Overview

Sequential Use of AG and mFOLFIRINOX as Neoadjuvant Chemotherapy for Resectable Pancreatic Cancer

Status:
Recruiting
Trial end date:
2024-10-20
Target enrollment:
0
Participant gender:
All
Summary
The prognosis of pancreatic cancer is extremely poor. Current guidelines recommend Nab-paclitaxel, Gemcitabine and modified Folfirinox as the first-line chemotherapeutic regimen. Studies have shown that sequential chemotherapeutic regimen can effectively delay the drug resistance and improve the effect of chemotherapy. Here investigators intend to assess the effect of sequential treatment with Nab-paclitaxel plus Gemcitabine and modified Folfirinox as neoadjuvant chemotherapy for resectable pancreatic adenocarcinoma.
Phase:
Phase 2
Accepts Healthy Volunteers?
No
Details
Lead Sponsor:
Second Affiliated Hospital, School of Medicine, Zhejiang University
Treatments:
Albumin-Bound Paclitaxel
Fluorouracil
Folic Acid
Gemcitabine
Irinotecan
Oxaliplatin
Paclitaxel
Criteria
Inclusion Criteria:

- Pathologically (histologically or cytologically) confirmed pancreatic ductal
adenocarcinoma (PDAC).

- No evidence of distant metastasis (such as liver, peritoneum, lung) evaluated by
abdominal contrast-enhanced CT, MRI, and chest CT. PET/CT or other imaging
examinations would be used if necessary.

- Initial assessment for definitive resectable tumors (resectability judgment is based
on CT enhanced scan or magnetic resonance imaging, NCCN2018 first edition standard).

- ECOG score 0 or 1.

- Serum creatinine level is normal, and serum total bilirubin level is less than 1.5 x
ULN.

- ALT and AST are less than 2 x ULN.

- If biliary obstruction is observed, biliary decompression should be performed when the
patient is randomly assigned to receive neoadjuvant chemotherapy.
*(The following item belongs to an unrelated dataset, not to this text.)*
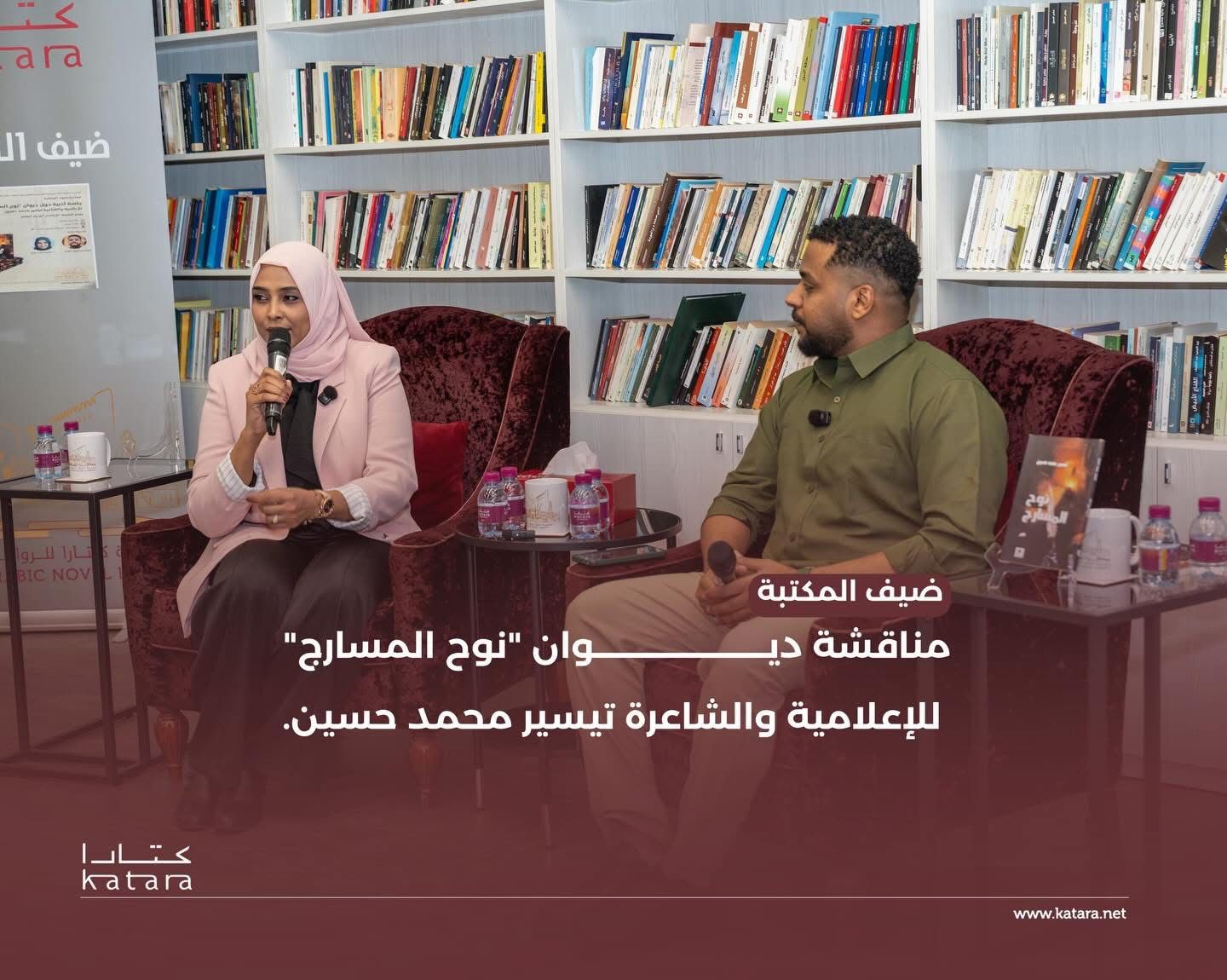 امتدحت الإعلامية والشاعرة تيسير محمد حسين، الحضور الكبير لأمسية نوح المسارج التي أقيمت في مكتبة كتارا للرواية العربية.
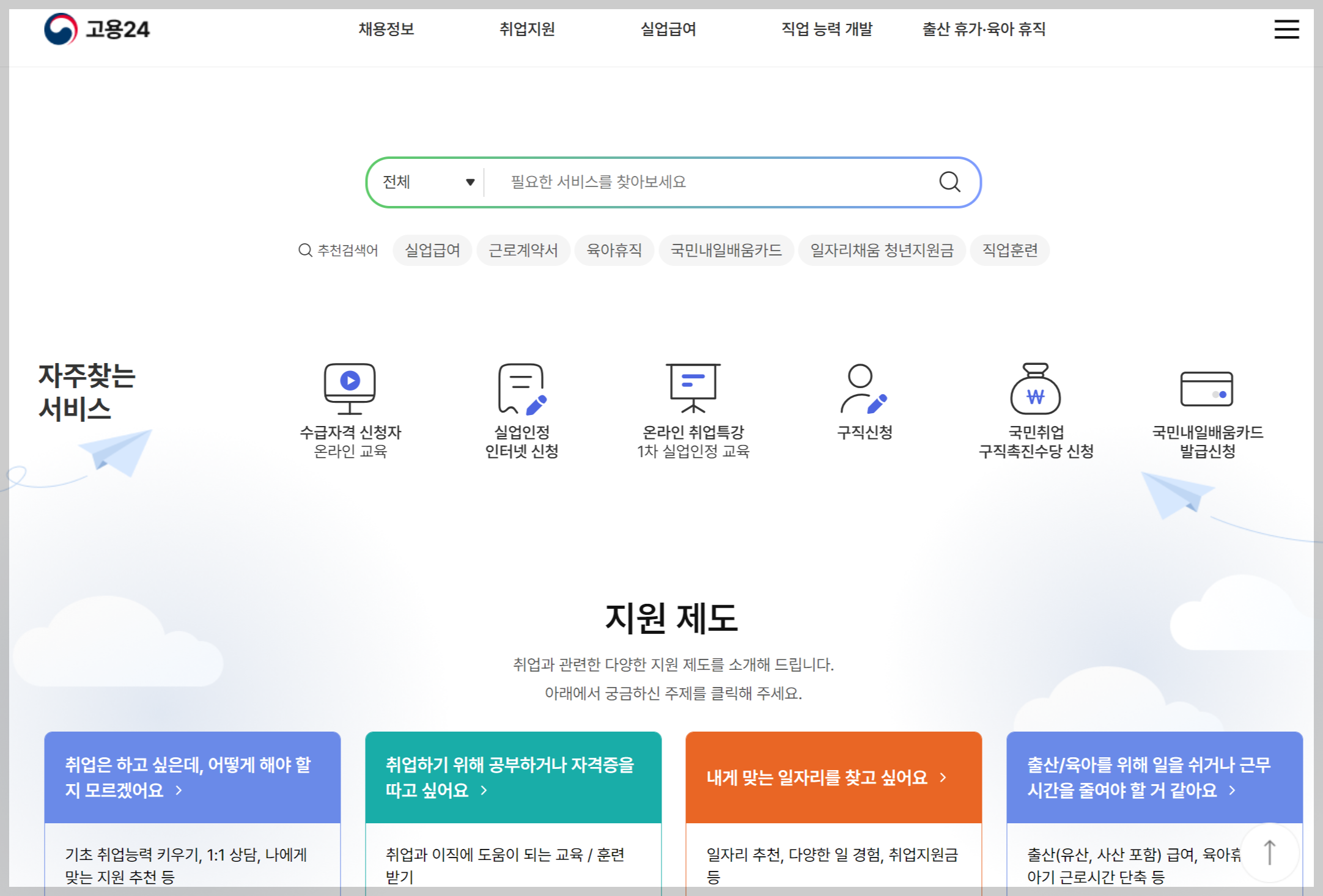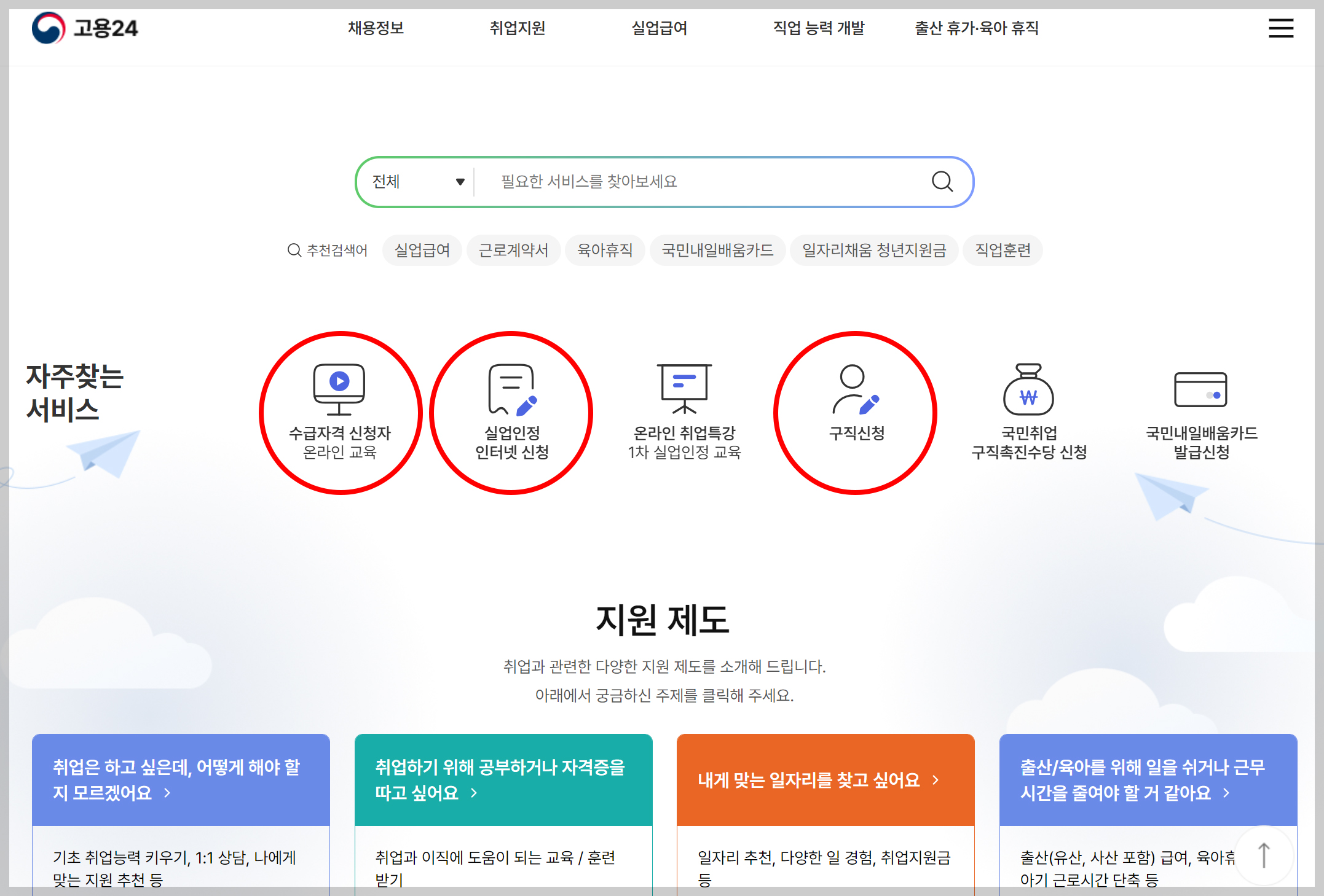 실업급여 수급 자격이 충족되면, 고용24(work24.go.kr) 홈페이지에 접속해 자주찾는 서비스에서 1. 구직신청, 2. 수급자격 신청자 온라인 교육, 3. 실업인정인터넷 신청을 순으로 진행하면 됩니다.

- Leukocyte count (> 3.5 x 10^6 /mL), neutrophil count (> 1.5 x 10^6 /mL), platelet
count (> 80 x 10^6 /mL), hemoglobin (> 9 g/dL).

- Signed informed consent.

Exclusion Criteria:

- History of malignance treatment in the past, excluding basal and cutaneous squamous
cell carcinoma, cervical carcinoma in situ, papillary thyroid carcinoma

- Tumor is a local recurrent lesion.

- Imaging confirmed severe portal hypertension / cavernous transformation.

- Ascites

- Gastric outlet obstruction

- Respiratory failure requires supplementation of oxygen.

- Immune deficiency syndrome, such as active tuberculosis and HIV infection.

- Hematological precancerous diseases, such as myelodysplastic syndromes.

- Major cardiovascular diseases (including myocardial infarction, unstable angina,
congestive heart failure, severe uncontrolled arrhythmia) during the past six months
of enrollment.

- Evidence of clinical-related or previous interstitial lung disease, such as
noninfectious pneumonia or pulmonary fibrosis, or baseline chest CT scan or chest
X-ray findings

- Previous or physical findings of central nervous system disease, except for adequately
treated (e.g. primary brain tumors, uncontrolled seizures or strokes with standard
medications)

- Preexisting neuropathy > 1 (NCI CTCAE).

- Allograft requires immunosuppressive therapy or other major immunosuppressive
therapies.

- Severe serious wounds, ulcers or fractures.

- Confirmed coagulant disease.

- Clinical evaluation is unacceptable.